(Entries provided Opens)
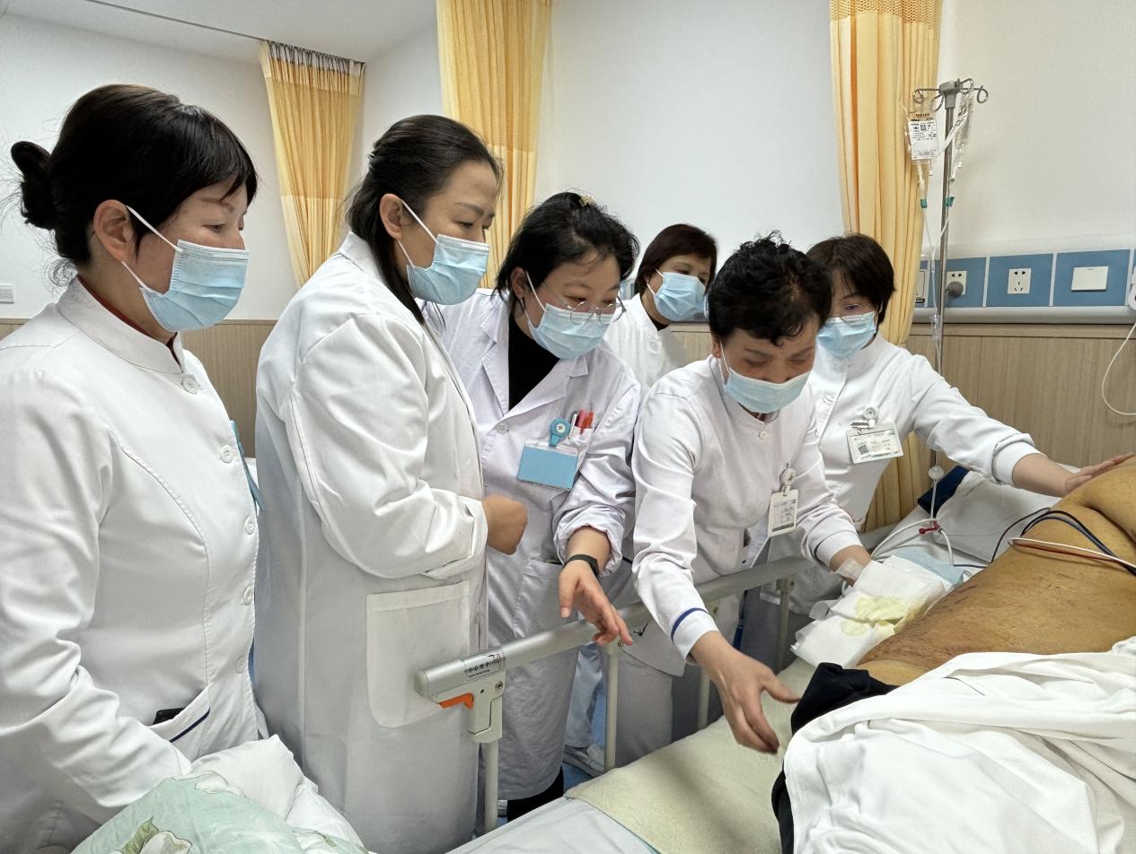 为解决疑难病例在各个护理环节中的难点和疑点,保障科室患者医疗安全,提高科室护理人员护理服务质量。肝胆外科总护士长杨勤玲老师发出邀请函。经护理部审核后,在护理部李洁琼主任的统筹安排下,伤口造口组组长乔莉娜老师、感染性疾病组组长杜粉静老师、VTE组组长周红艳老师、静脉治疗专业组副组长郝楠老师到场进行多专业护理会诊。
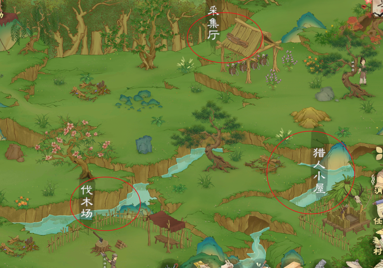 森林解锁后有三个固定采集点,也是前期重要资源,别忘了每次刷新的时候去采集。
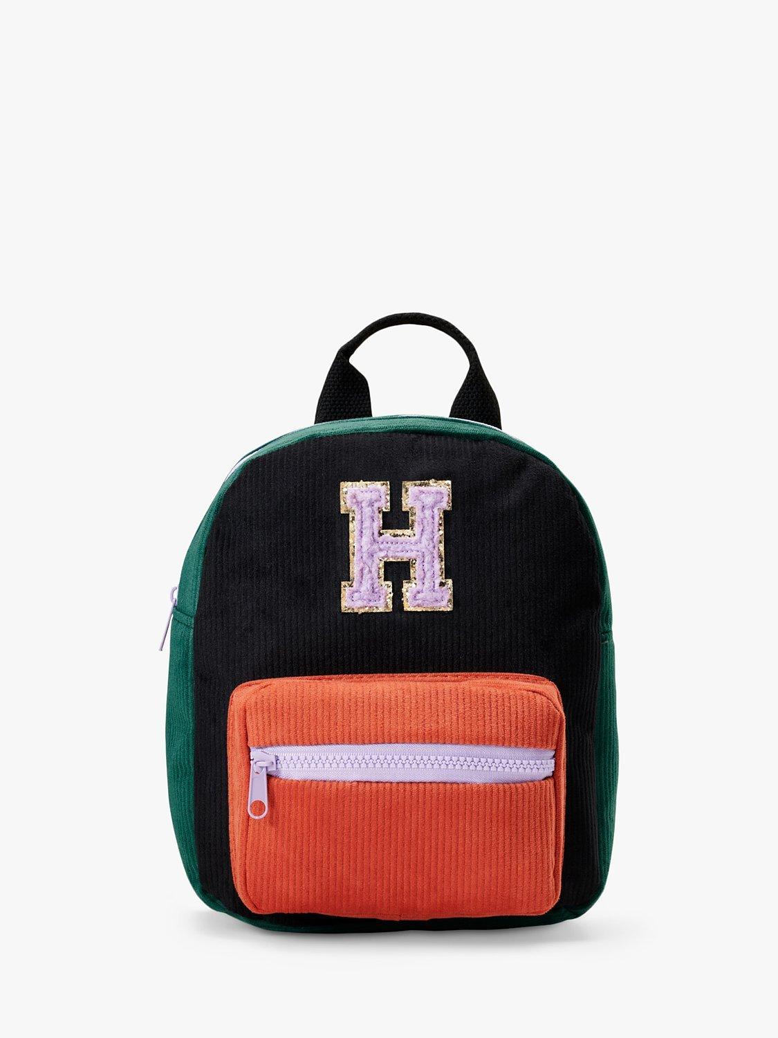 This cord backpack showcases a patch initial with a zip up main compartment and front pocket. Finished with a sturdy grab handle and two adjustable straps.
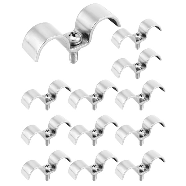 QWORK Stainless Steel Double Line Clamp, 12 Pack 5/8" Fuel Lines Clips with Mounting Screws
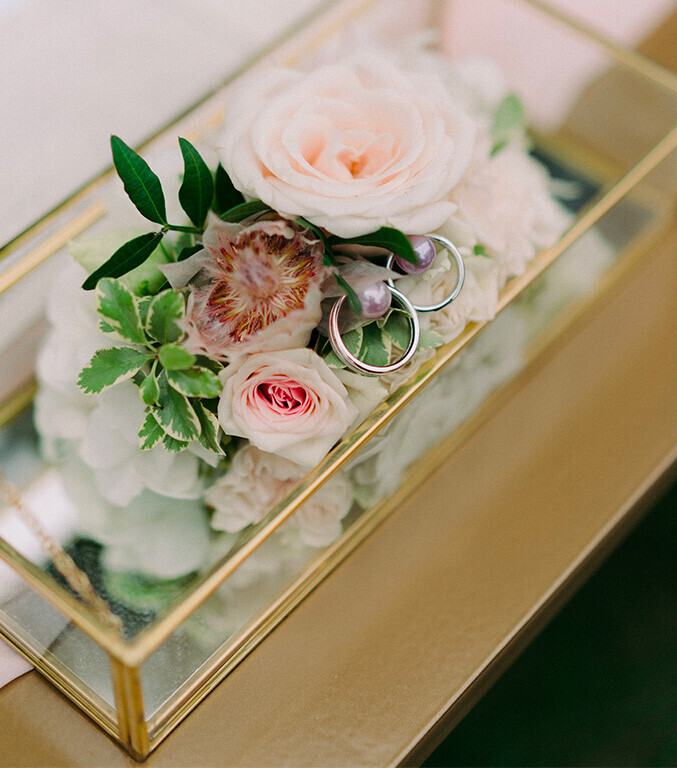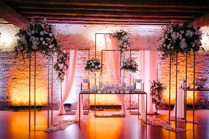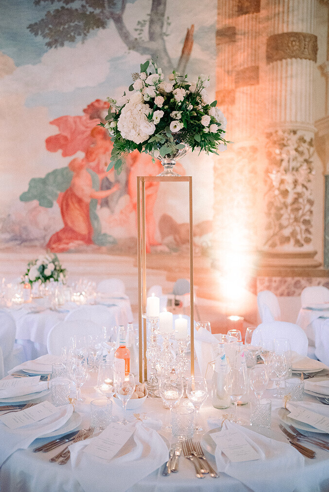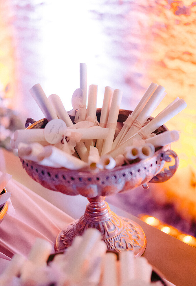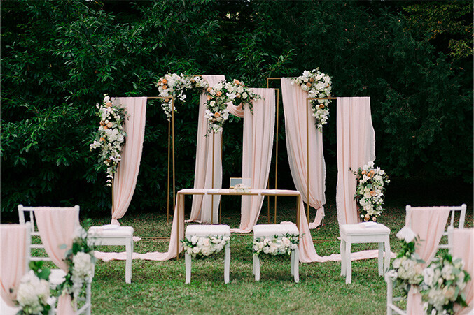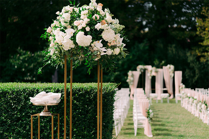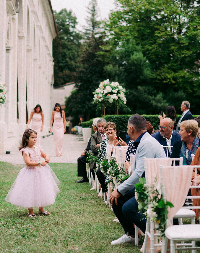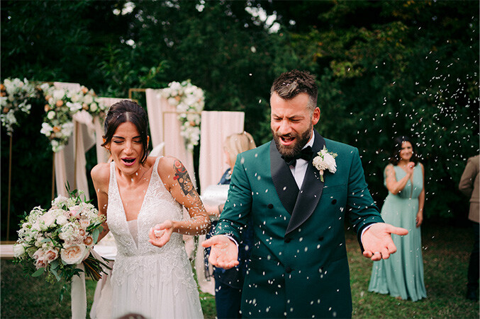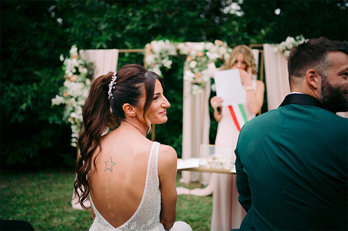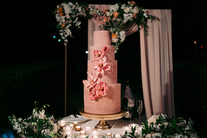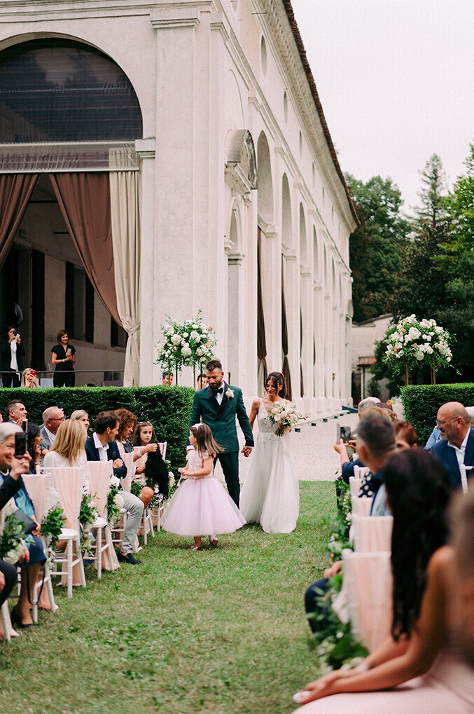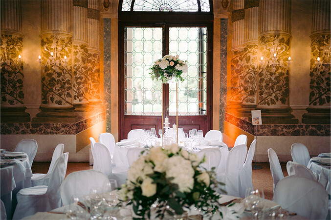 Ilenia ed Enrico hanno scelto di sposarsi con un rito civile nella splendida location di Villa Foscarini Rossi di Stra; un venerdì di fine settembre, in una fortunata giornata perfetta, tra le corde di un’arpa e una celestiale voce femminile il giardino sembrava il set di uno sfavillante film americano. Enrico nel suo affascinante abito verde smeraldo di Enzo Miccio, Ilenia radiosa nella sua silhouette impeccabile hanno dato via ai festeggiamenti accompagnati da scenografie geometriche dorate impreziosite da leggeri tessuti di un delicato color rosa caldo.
(Entries provided Closes)
(Entries provided Opens)
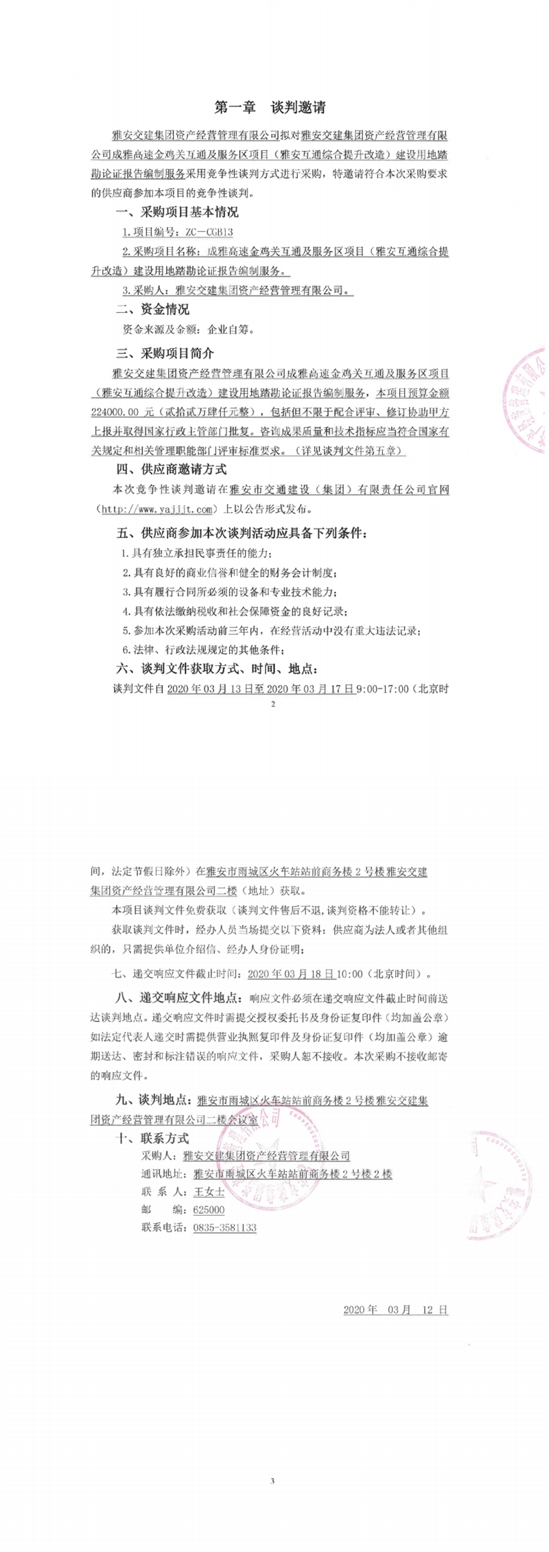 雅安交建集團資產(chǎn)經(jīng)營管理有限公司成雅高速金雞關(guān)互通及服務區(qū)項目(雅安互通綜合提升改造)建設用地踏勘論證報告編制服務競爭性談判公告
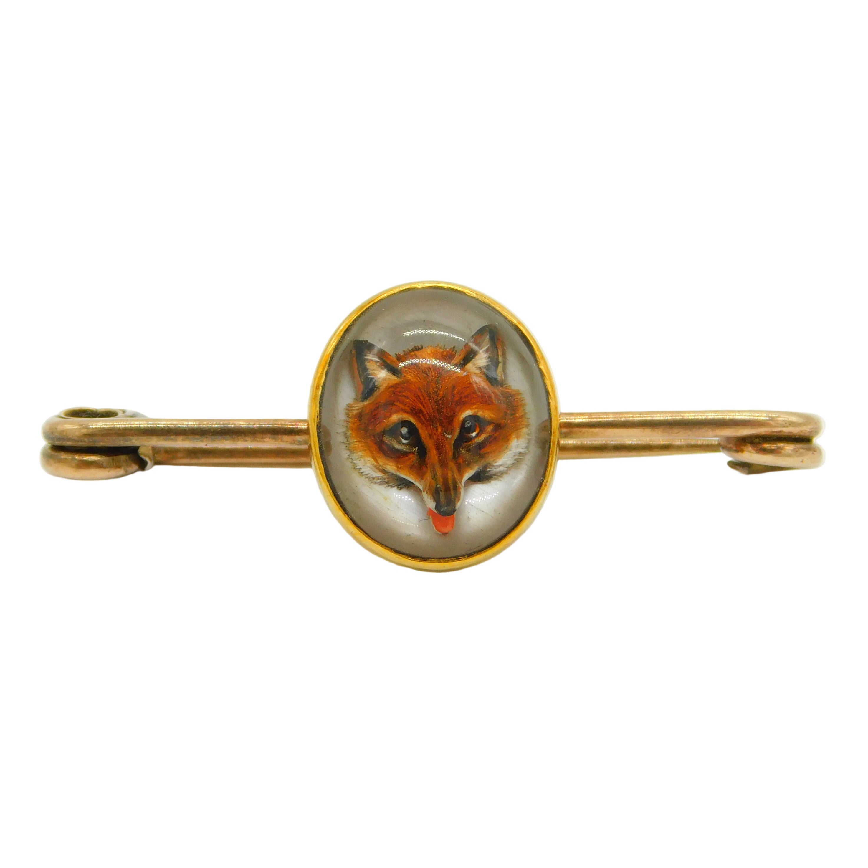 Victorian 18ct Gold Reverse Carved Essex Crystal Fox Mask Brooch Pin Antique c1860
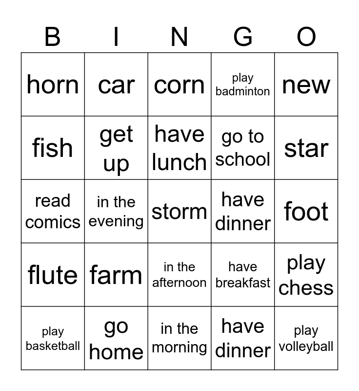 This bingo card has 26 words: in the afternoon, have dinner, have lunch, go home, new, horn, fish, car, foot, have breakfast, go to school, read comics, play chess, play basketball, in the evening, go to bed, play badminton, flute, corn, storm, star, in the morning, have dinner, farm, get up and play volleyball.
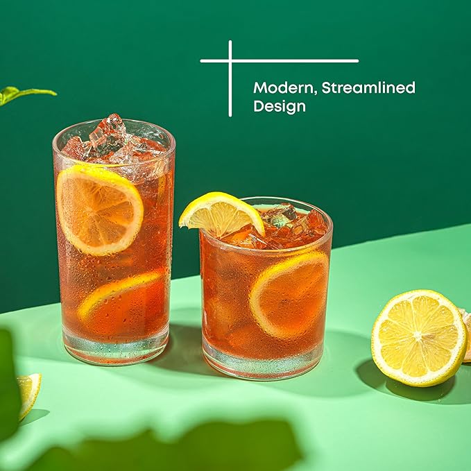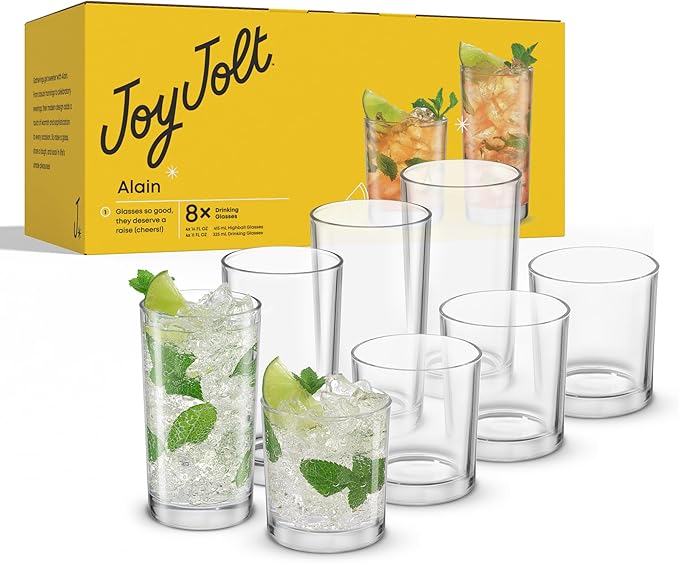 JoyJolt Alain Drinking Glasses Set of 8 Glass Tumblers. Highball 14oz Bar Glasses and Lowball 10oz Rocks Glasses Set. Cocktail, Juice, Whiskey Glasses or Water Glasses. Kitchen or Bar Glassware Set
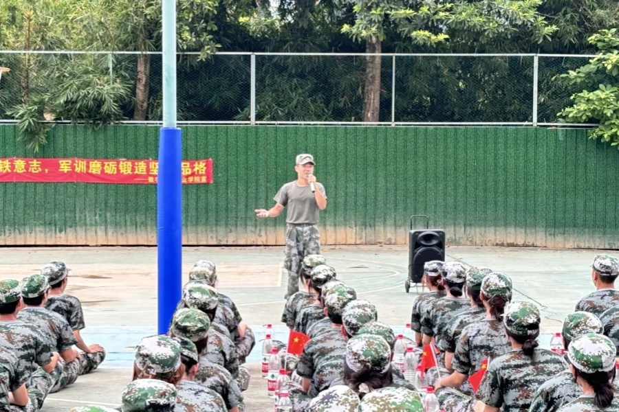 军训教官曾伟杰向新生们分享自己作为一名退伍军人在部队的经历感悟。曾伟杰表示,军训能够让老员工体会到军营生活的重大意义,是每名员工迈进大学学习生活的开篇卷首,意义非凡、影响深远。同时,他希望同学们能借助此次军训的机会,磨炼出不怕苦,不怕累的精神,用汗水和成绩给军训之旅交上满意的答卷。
(Entries provided Closes)
Aim of the task:
Return exactly the lines above, from the one with "为解决疑难病例在各个护理环节" up to and including the one with "Ilenia ed Enrico", and include no pictures.

Output of the task:
 为解决疑难病例在各个护理环节中的难点和疑点,保障科室患者医疗安全,提高科室护理人员护理服务质量。肝胆外科总护士长杨勤玲老师发出邀请函。经护理部审核后,在护理部李洁琼主任的统筹安排下,伤口造口组组长乔莉娜老师、感染性疾病组组长杜粉静老师、VTE组组长周红艳老师、静脉治疗专业组副组长郝楠老师到场进行多专业护理会诊。
 森林解锁后有三个固定采集点,也是前期重要资源,别忘了每次刷新的时候去采集。
 This cord backpack showcases a patch initial with a zip up main compartment and front pocket. Finished with a sturdy grab handle and two adjustable straps.
 QWORK Stainless Steel Double Line Clamp, 12 Pack 5/8" Fuel Lines Clips with Mounting Screws
 Ilenia ed Enrico hanno scelto di sposarsi con un rito civile nella splendida location di Villa Foscarini Rossi di Stra; un venerdì di fine settembre, in una fortunata giornata perfetta, tra le corde di un’arpa e una celestiale voce femminile il giardino sembrava il set di uno sfavillante film americano. Enrico nel suo affascinante abito verde smeraldo di Enzo Miccio, Ilenia radiosa nella sua silhouette impeccabile hanno dato via ai festeggiamenti accompagnati da scenografie geometriche dorate impreziosite da leggeri tessuti di un delicato color rosa caldo.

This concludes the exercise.